While Ontario and eastern Canada are renowned for spectacular autumn colours, our arrival was several weeks early, so only the sumac and occasional maple blushed red. But the purple asters partnered with goldenrod were abundant in ditches and fields and on the banks of the creek, each siting evoking Robin Wall Kimmerer’s Braiding Sweetgrass.

As I’d anticipated, changes were apparent in our families, both young and old. Children who were infants and toddlers when we’d last visited were naturally wary, needing time to warm up to their “come from away” aunt and uncle. But time with the young adult nieces and nephews and their partners, and our parents felt like yesterday, as we fell into easy conversation and catching up.

sunrise on the Niagara

That Saturday I missed my weekly Camino de Edmonton, a repeat of last year’s multi-stage, multi kilometer walk along Edmonton’s North Saskatchewan River. The weather finally cleared so I dressed to make my ritual walk along my beloved Niagara River, a Camino de Niagara. A chance conversation with my high school friend and her husband, a walk through the cemetery to “visit” my Oma and chosen namesake aunt and notice who in my absence had since passed. Years ago, when my Oma died, and her ashes were put in the granite columbarium, I purchased the slot beside her, with room enough for two, and while not quite a river view, close enough. Funny thing how that purchase always brings a smile, it being one of my best investments, bringing peace of mind knowing I have my final resting place. Hmmmm, whatever that actually means…

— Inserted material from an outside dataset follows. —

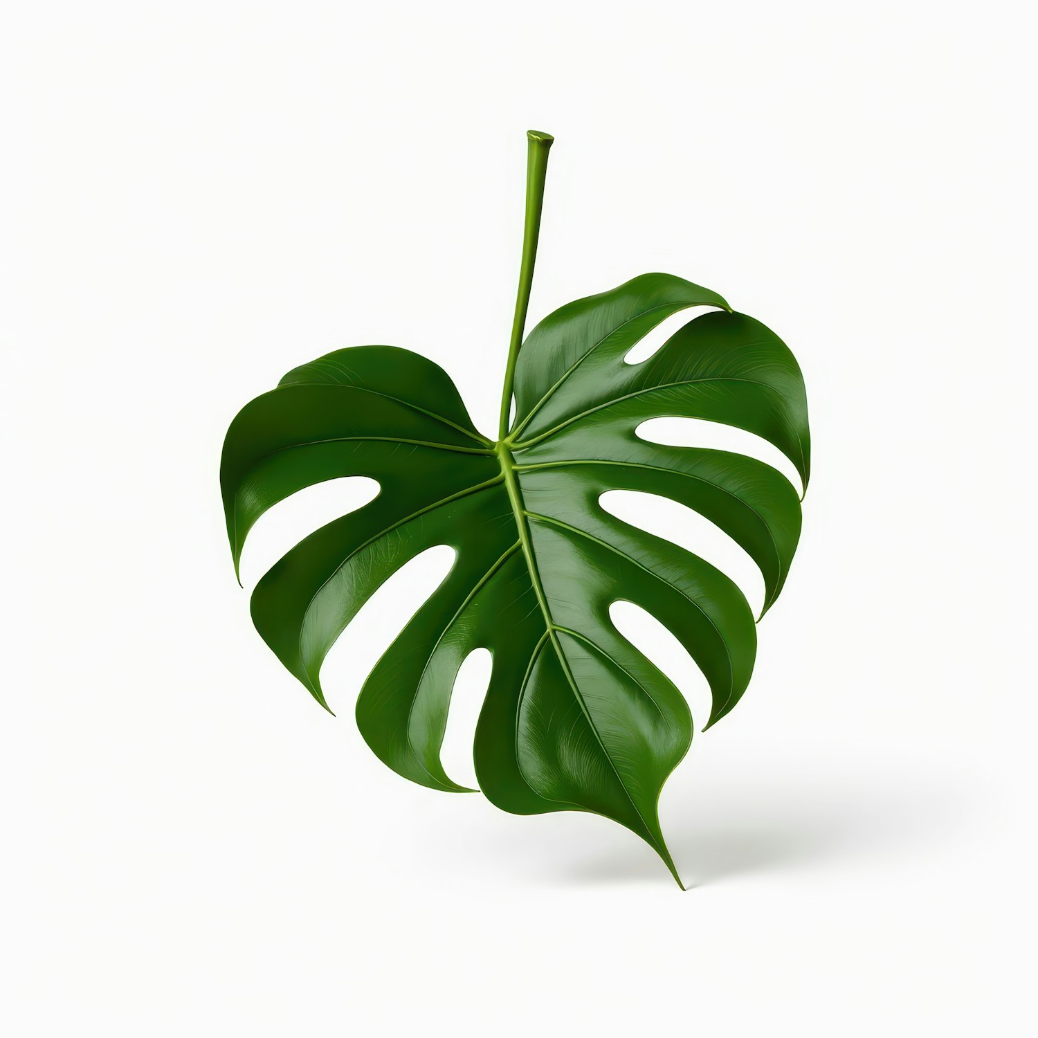 Vibrant green Monstera leaf with natural splits on a plain white background, highlighting its glossy texture and intricate veins.

the old pine on the river bank at sunrise

Driving away from my parents’ home to follow the river north to the falls, I wondered, as I do more often now that I and they are older, “Will we see each other again?” “When will I next return, to whom, and under what circumstances?” I don’t belabor it. I can’t. It’s as pragmatic as my mother wondering will she live to see the us and the world through to the other side of Covid. It simply is what it is, a truth of our lives. Like the curious affinity of purple asters for goldenrod.

Much love and kindest regards, dear friends.